The majority asserts that I view Walker's inadequate appellate remedy requirement as inflexible. Guilty as charged. When engaged in the judicial function of applying the law to a particular case, I am inflexible. But that inflexibility is based upon a sound judicial policy. It's called stare decisis.

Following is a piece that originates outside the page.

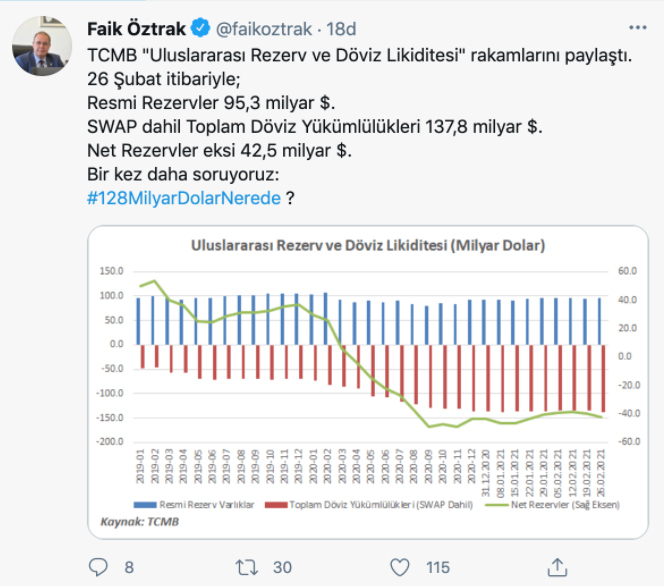 Öztrak, "TCMB 'Uluslararası Rezerv ve Döviz Likiditesi' rakamlarını paylaştı. "26 Şubat itibariyle; Resmi Rezervler 95,3 milyar dolar SWAP dahil Toplam Döviz Yükümlülükleri 137,8 milyar dolar. Net Rezervler eksi 42,5 milyar dolar. Bir kez daha soruyoruz: 128 milyar dolar nerede?" paylaşımını yaptı.
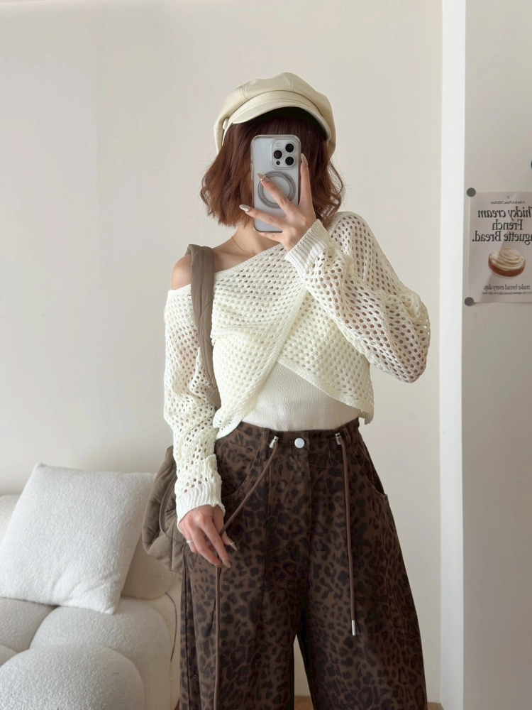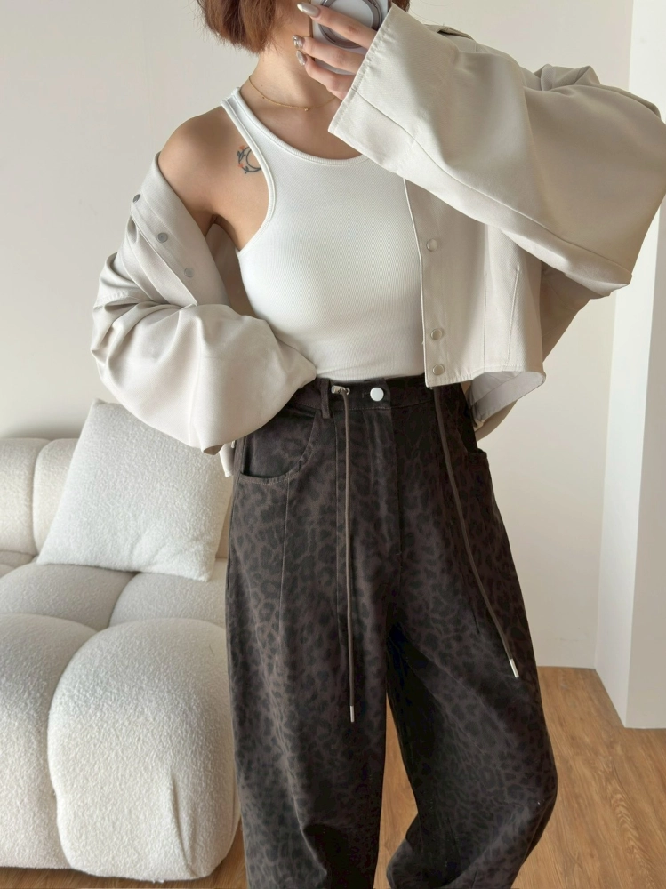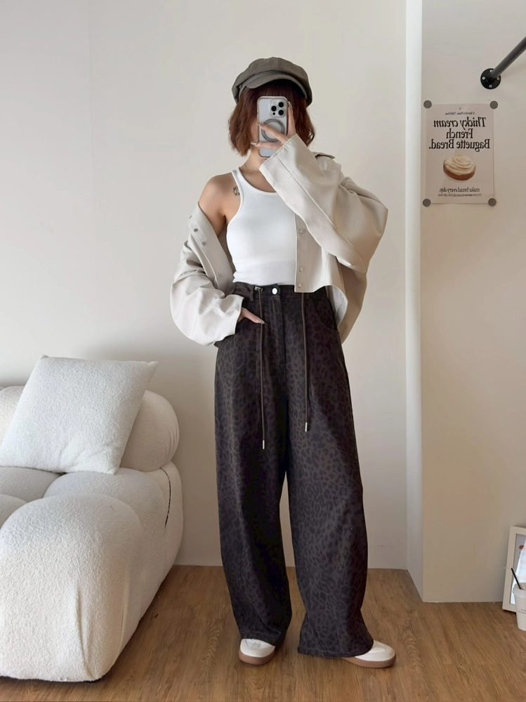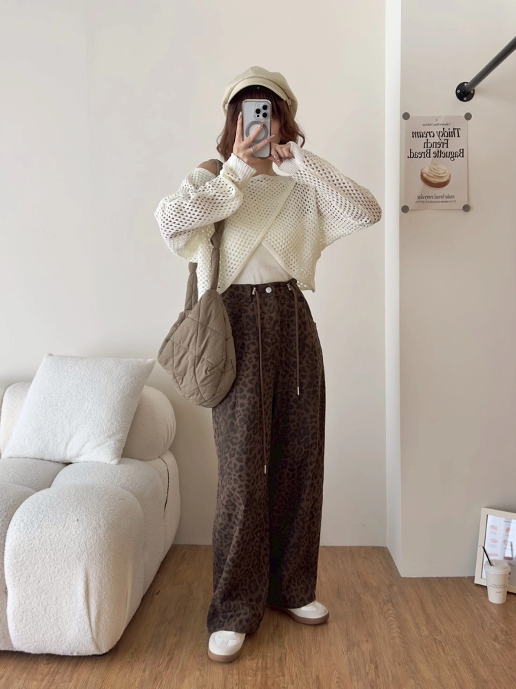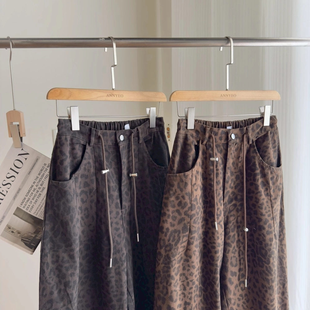 • 豹紋微寬長褲

Only five years ago, this Court decided Walker and Canadian Helicopters . Only four years ago, this Court stated that we adhere to our precedents for reasons of efficiency, fairness, and legitimacy. Weiner v. Wasson , 900 S.W.2d 316, 320 (Tex. 1995). From today's opinion it is obvious that the Court continues to pay only lip service to "stare decisis as a sound policy." Weiner , 900 S.W.2d at 320. As the Weiner dissent advocates, we should not succumb to a temptation to continually revisit prior decisions as new fact situations arise. See Weiner , 900 S.W.2d at 332. Mandamus should not issue simply because we disagree with the trial court's ruling. See CSR, Ltd ., 925 S.W.2d at 604 (Baker, J., dissenting); Buller , 806 S.W.2d at 226.



IV. CONCLUSION

That the majority opinion mounts a collateral attack on the dissent instead of directly attacking controlling precedent exposes its weaknesses. The Court's decision here revives an overruled, more lenient standard--the appellate remedy must be "equally convenient, beneficial, and effective as mandamus." See e.g. , Jampole v. Touchy , 673 S.W.2d 569, 576 (Tex. 1984); Crane v. Tunks , 328 S.W.2d 434, 439 (Tex. 1959); Cleveland v. Ward , 285 S.W. 1063, 1068 (Tex. 1926). The Court expressly disapproved of this standard in Walker . See Walker , 827 S.W.2d at 842. I would hold that an appeal is adequate and deny mandamus relief. Because the Court holds to the contrary, I respectfully dissent.





_________________________

James A. Baker,

Justice



OPINION DELIVERED: June 17, 1999

1.   See In re Ford Motor Co ., S.W.2d 1998 WL 387537 (Tex. 1998)(Baker, J., dissenting); Travelers Indem. Co. of Conn. v. Mayfield , 923 S.W.2d 590, 595 (Tex. 1996)(Baker, J., dissenting); CSR, 925 S.W.2d at 603 (Baker, J., dissenting).